Beware the ‘third year boom and fourth year bust” – the small business curse.

Businessman using binoculars, money reflected in the lens

An unusual business phenomenon that I have observed is the third-year boom and fourth-year bust. Once I became aware of it, I started to notice how real it was (and how common it was). The first year of business is generally pretty hard but exciting. It’s the year where you jump for joy when you get your first customer or the first big contract and at the same time bite your nails wondering how to pay the electricity bill. It’s a year that goes by quickly because there is so much happening.

Assuming that you have made it through the first year, the second year starts and you are a lot smarter. You have made a few mistakes, lost some money, done some great work and some that you might like to forget. Financially it’s still hard, but you can see light at the end of the tunnel. Towards the end of the second year you start to notice that there is always a little more money left in the bank account at the end of the week, and you seem to be getting more and more customers because word of mouth is starting to spread about just how wonderful your business is. At the same time, you are tired and stressed because it’s been a hard two years.

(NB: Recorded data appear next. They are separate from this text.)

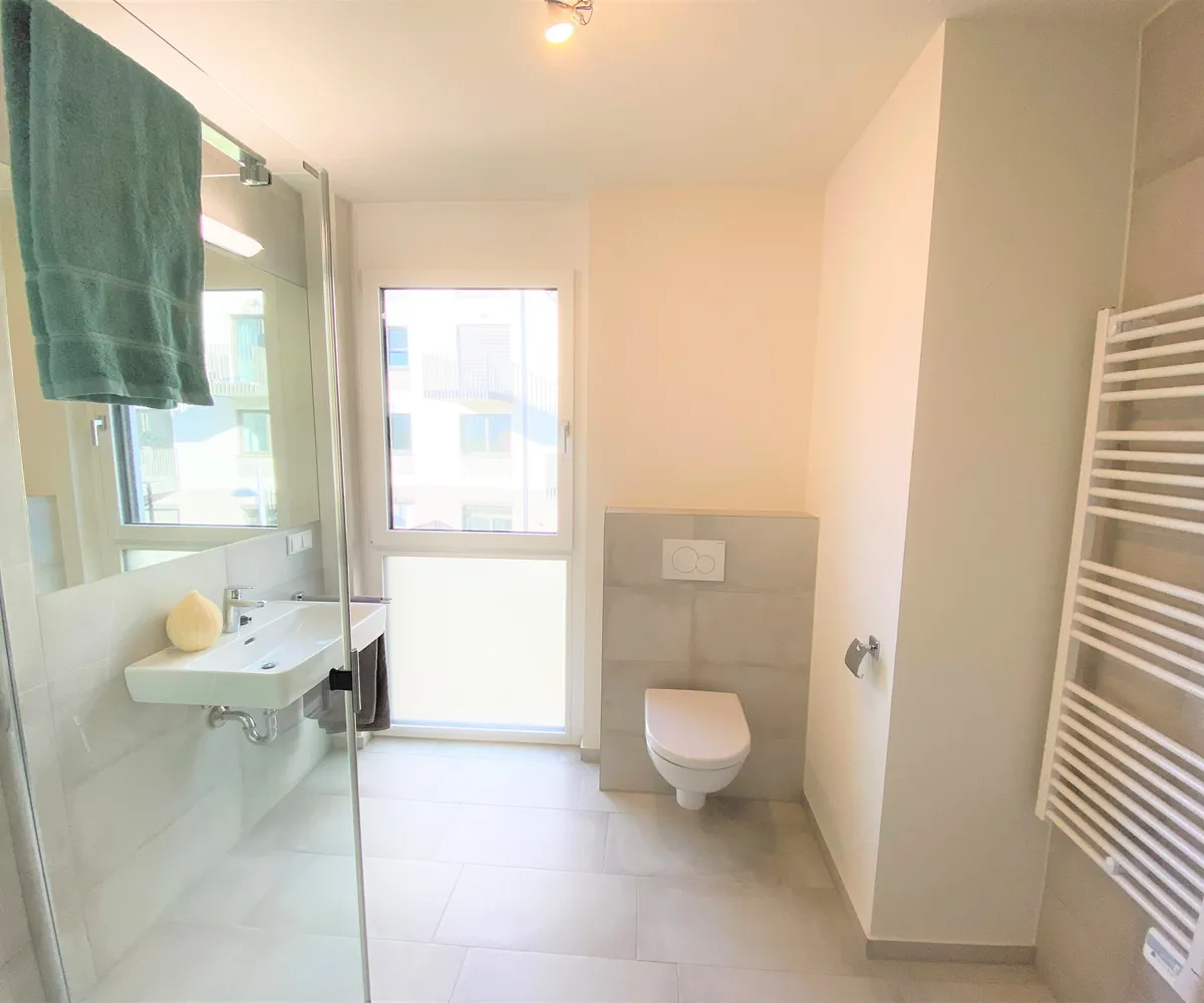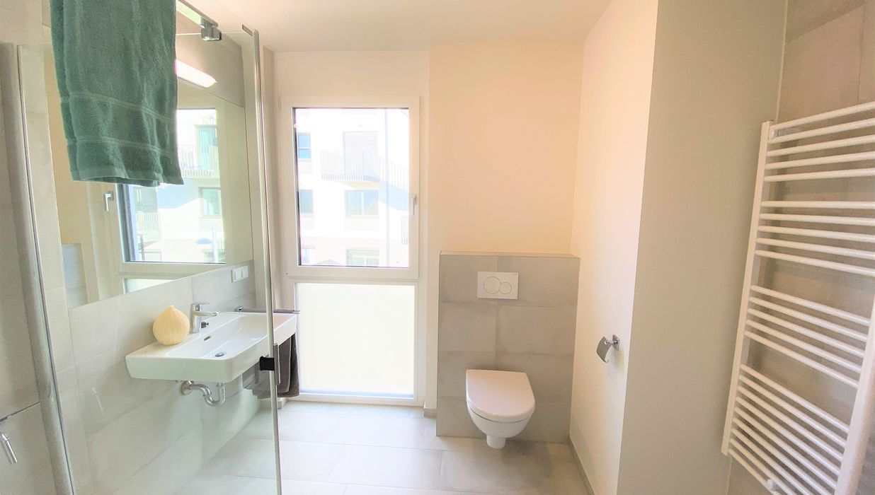 Gehobenen Wohnkomfort schaffen die hochwertigen Parkettböden, eine Fernwärme-Fußbodenheizung und modernste in Feinstein gehaltene Sanitärbereiche.
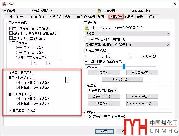 這里除了設置ViewCube和UCS圖標在二維現(xiàn)況模式或其他視覺模式是否顯示的選項外,下面還有一個顯示視口控件的選項是用于控制是否在視圖左上角顯示視圖和著色方式的。
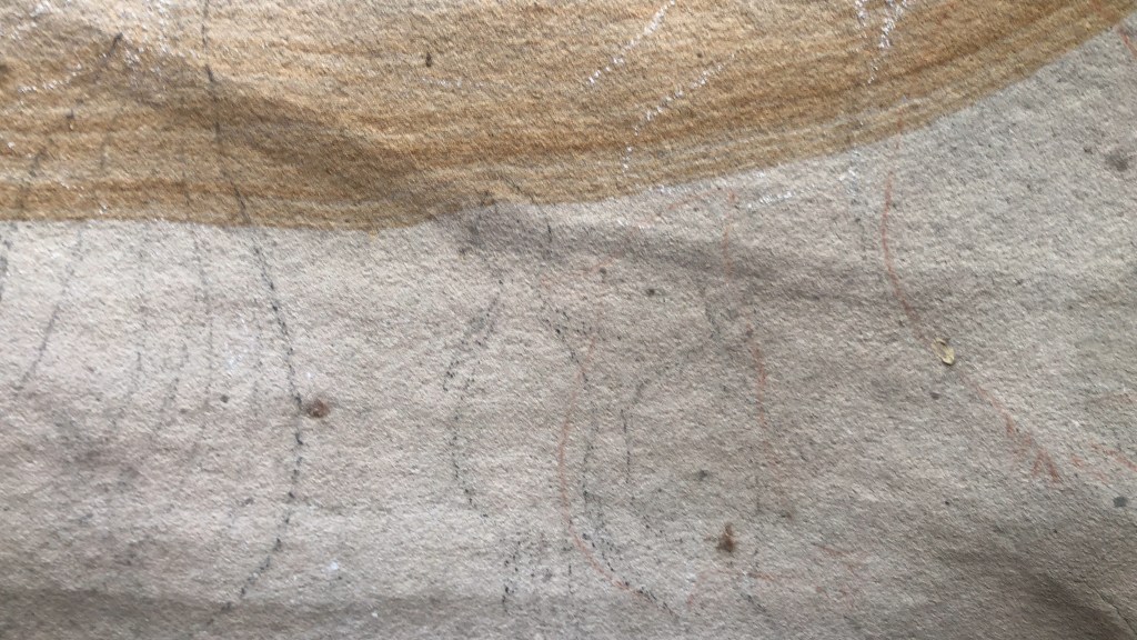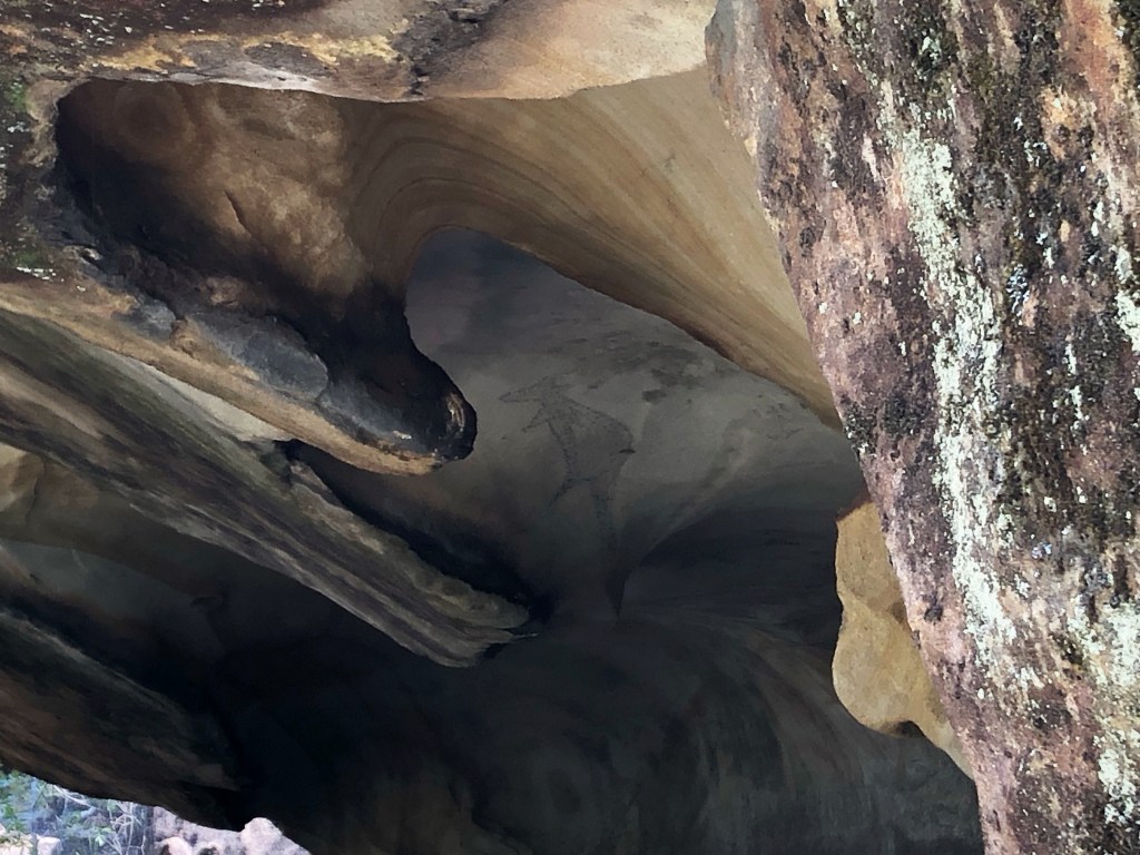 The cave itself looked like a little wave. In its curl, I saw the shape of a wallaby drawn with charcoal. Moving into the cave, I could see red outlines of some sort of bird, perhaps a water bird, then I saw a Goanna (lace monitor) and the more I looked the more I could see. There were more wallabies (I don’t think they were kangaroos), more birds, possibly a possum. It was amazing!

You are into the third year and business starts to boom. At the end of the week there is a lot of money left in the account and you can now start to reward yourself. Perhaps you buy yourself a new car, maybe even a new house, maybe a good holiday. While you are busy spending this money, phone calls aren’t being returned, customers are starting to leave, bills aren’t getting paid and you don’t notice.

As you start the fourth year, your attention is shockingly brought back to the business when the tow truck pulls away with your shiny new sports car. At about the same time, the bank rings to say that your account is overdrawn, creditors are ringing for overdue accounts, the tax man comes knocking on the door and then, it all comes crashing down. Finally the business goes bust.

I’m not saying that every business goes through this cycle, but if you keep an eye out you will notice that it happens a lot. If you wake up one day, pay all of your bills and find that there is money left over, be careful, be very careful, because you might just be entering the third year boom – and now we know what that leads to!